Body Dysmorphic Disorder

Body  Dysmorphic Disorder

Wisnu Septiawan / 1901520385 / Pengurus Badan Pendidikan dan Kajian Keilmuan HIMPSIKO 2017

Adit Dwi Anugrah Putra / 2001550786 / Aktivis Badan Pendidikan dan Kajian Keilmuan HIMPSIKO 2017

Foto Bersama Pengurus HIMPSIKO & Crew Bengkel Psikologi BVOICE Radio

Hai-hai psytroopers ! Kembali lagi dengan kami, dimana kali ini kami akan membahas topik terutama untuk teman-teman yang seringkali merasa cemas atau tidak puas dengan penampilan kalian sendiri. Kalian pernah enggak sih ngerasa gak puas gitu sama penampilan kalian saat ini dan seringkali kali kalian berkata dalam diri sendiri “Ih, aku gendutan yah kayaknya; Aduh!
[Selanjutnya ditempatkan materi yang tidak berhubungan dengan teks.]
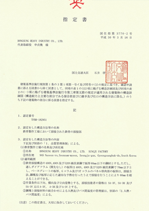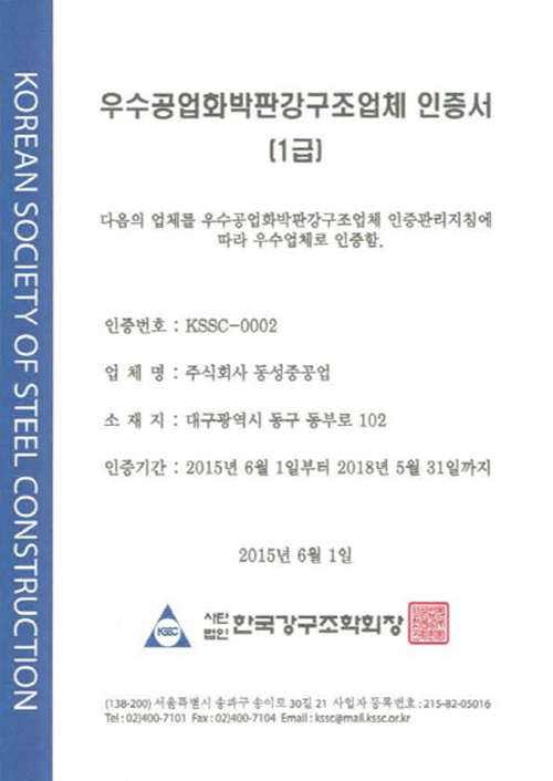 우수공업화박판강구조업체 1급

Bagus gak yah kalau pakai baju ini ? atau Yaampun hari ini aku jelek banget !” Nah kalian penasaran gak kenapa orang bisa seperti itu dan ada hubungannya gak yah sama Ilmu Psikologi ? Kira-kira ini termasuk ke gangguan gak yah ? Yuk, kita lihat !
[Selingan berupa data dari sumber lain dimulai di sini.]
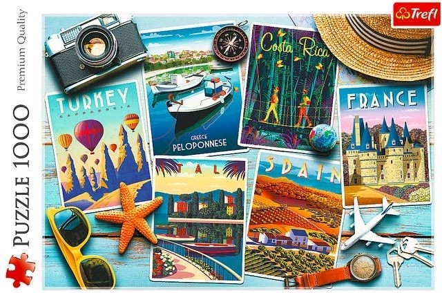 Užijte si relax s kvalitními puzzle o 1000 dílcích s motivem prázdninových pohlednic. Po složení vznikne obraz o rozměru 683 × 480 mm. Puzzle jsou vyrobeny z vysoce kvalitních materiálů, s kalandrovaným, světlo odrážejícím papírem pro pohodlnější skládání. Vyrobeno v Polsku z ekologických materiálů.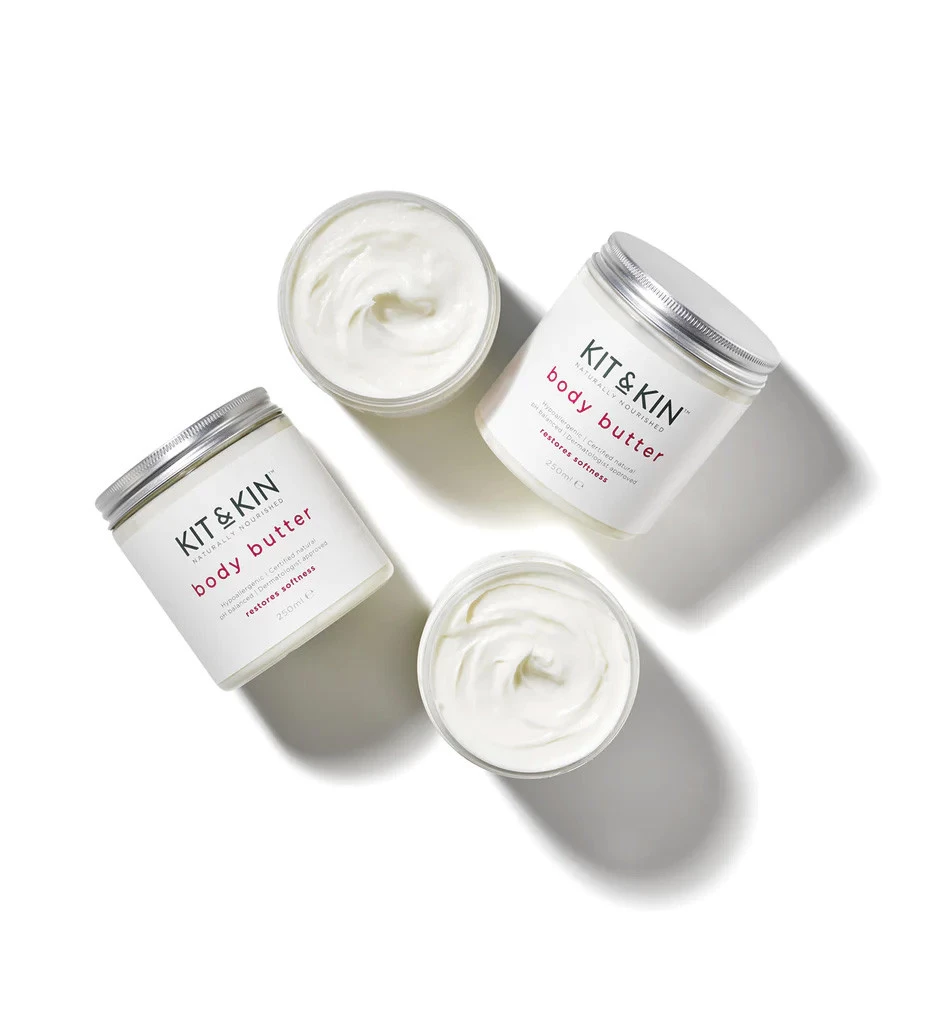 Przy pielęgnacji skóry dziecka staraj się unikać preparatów ze sztucznymi barwnikami, aromatami, konserwantami czy parabenami. Zasada jest prosta – im krótszy i prostszy skład, tym prawdopodobnie lepiej zareaguje skóra malucha. Produkty marki Kit and Kin zawierają takie składniki jak masło mango, masło kakaowe, masło shea czy olej jojoba.

Pengertian secara sederhananya orang yang selalu mencemaskan penampilan karena merasa memiliki kekurangan pada tubuhnya (body image yang negatif) itu disebut Body Dysmorphic Disorder (BDD) loh psytroopers !

Nah jadi udah pada  tahu kan kali ini kita akan bahas apa? Ya! Kali ini kami akan bahas mengenai salah-satu gangguan psikologi yaitu Body Dysmorphic Disorder (BDD). Body Dysmorphic Disorder itu topic yang menarik untuk dibahas karena hal ini bisa kita lihat secara langsung di kehidupan sehari-hari kita loh, dan biasanya hal ini terjadi kebanyakan pada remaja seperti kita loh. Kalian harus tahu nih Body Dysmorphic Disorder (BDD) sebenarnya seperti apasih?

Body Dysmorphic Disorder (BDD) adalah gangguan pada seseorang yang mengalami ketidak-puasan terhadap beberapa bagian tubuh dengan tingkat kecemasan yang ditunjukkan dengan 16 perilaku obsesif-kompulsif, pikiran dan perasaan yang negatif mengenai tubuh, serta menghindari hubungan dan situasi sosial.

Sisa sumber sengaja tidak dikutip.